Glasgow solicitor Aamer Anwar, who represents the family of Abdelbaset al-Megrahi, the only man ever convicted of the bombing of Pan Am Flight 103 over Lockerbie, was speaking to The National yesterday – the 28th anniversary of the atrocity in which 270 people died.

“Some of the British relatives, as well as the Megrahi family, do not believe that there has ever been closure,” said Anwar. “They remain determined to search for justice and the truth.

“At this stage it would be inappropriate to comment other than to say the legal process is certainly not at an end and my thoughts are with those families of the victims, but also the family of Al Megrahi. Until this case returns to the appeal court there will never be closure.”

Earlier, Megrahi’s family reiterated their belief that the Libyan was innocent of the bombing.

Writing on a social media page set up by the friends of Justice for Megrahi (JfM), they said they were “on the right path” to finding out the truth.

They said there was new evidence and they were working “in Switzerland and Scotland” to finally prove that Megrahi was innocent.

Writing on the same page, John Mosey, who lost his 19-year-old daughter Helga in the bombing, also expressed his belief that Megrahi, who died in 2012, was innocent.

“It is now beyond clarity that the Libyan man found guilty was falsely accused and convicted,” he said. “As one of the only two relatives who attended the whole trial and first appeal in Holland, I came away convinced that a gross miscarriage of justice had been carried out.”

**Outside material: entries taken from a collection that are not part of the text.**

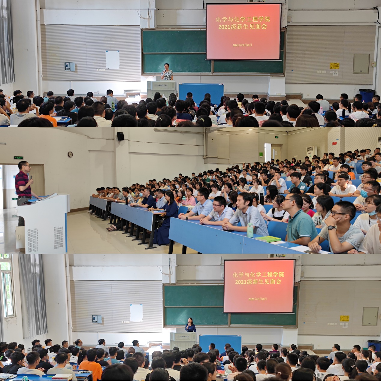 9月8日下午,化学与化学工程学院在逸夫楼西阶一教室召开2021级新生见面会,院党政领导、系主任、学业导师、党政秘书、辅导员和全体新生参加。会议由院党委副书记徐祝青主持。
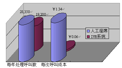 據(jù)統(tǒng)計(jì),一個(gè)72線的IVR系統(tǒng)每年能夠處理2,300,000的接入電話,平均每線IVR一年能夠處理32,000個(gè)接入電話,依照60%的有效話務(wù)處理率(即80%的接入電話可以不轉(zhuǎn)人工即可完成服務(wù))來計(jì)算,即四年期每線的投入¥4569總共可以處理76,800個(gè)電話,即便是計(jì)算上系統(tǒng)維護(hù)費(fèi)用,平均處理每個(gè)電話的成本僅為0.06元。
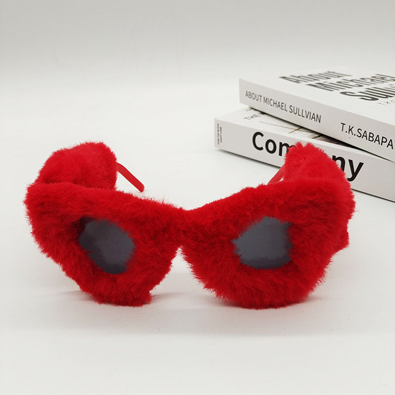 抖音女网红痞幼同款眼镜红色毛毛边复古搞怪墨镜蹦迪拍照道具ins

Mosey said that former Sheriff Principal John Mowat has said Lockerbie was “a preventable disaster”, and the question was why it had been allowed to happen.

“This question has not even been permitted to be asked let alone answered,” he said. “Every effort to raise this question has been rebuffed. Mrs Thatcher made it very plain that there would be no independent inquiry into this, the largest mass killing in the UK outside wartime.

“Our efforts to get an answer to this primary question have been reinforced by the mass of evidence that it was known beforehand that a Pan Am flight out of the UK to the USA would have a bomb on board in a Toshiba cassette player in that week before Christmas.

“At least 10 warnings were logged by the FAA and other authorities. An anonymous phone call to the US embassy in Helsinki on December 5 gave accurate details of the bomb and the week it would be deployed.”

Mosey added that he and other families still wanted an answer to the big question: “Those who we pay to govern and protect us failed miserably even though the danger was known.

“Nothing was done to either prevent the disaster or to warn the public. We have been forced down the important but subsidiary road of questioning the verdict and attacking the Scottish legal system. We do not want to have anyone hung out to dry but simply to have some transparency and honesty from those who have strung us along for all of these years with prevarications, obfuscations and plain lies.”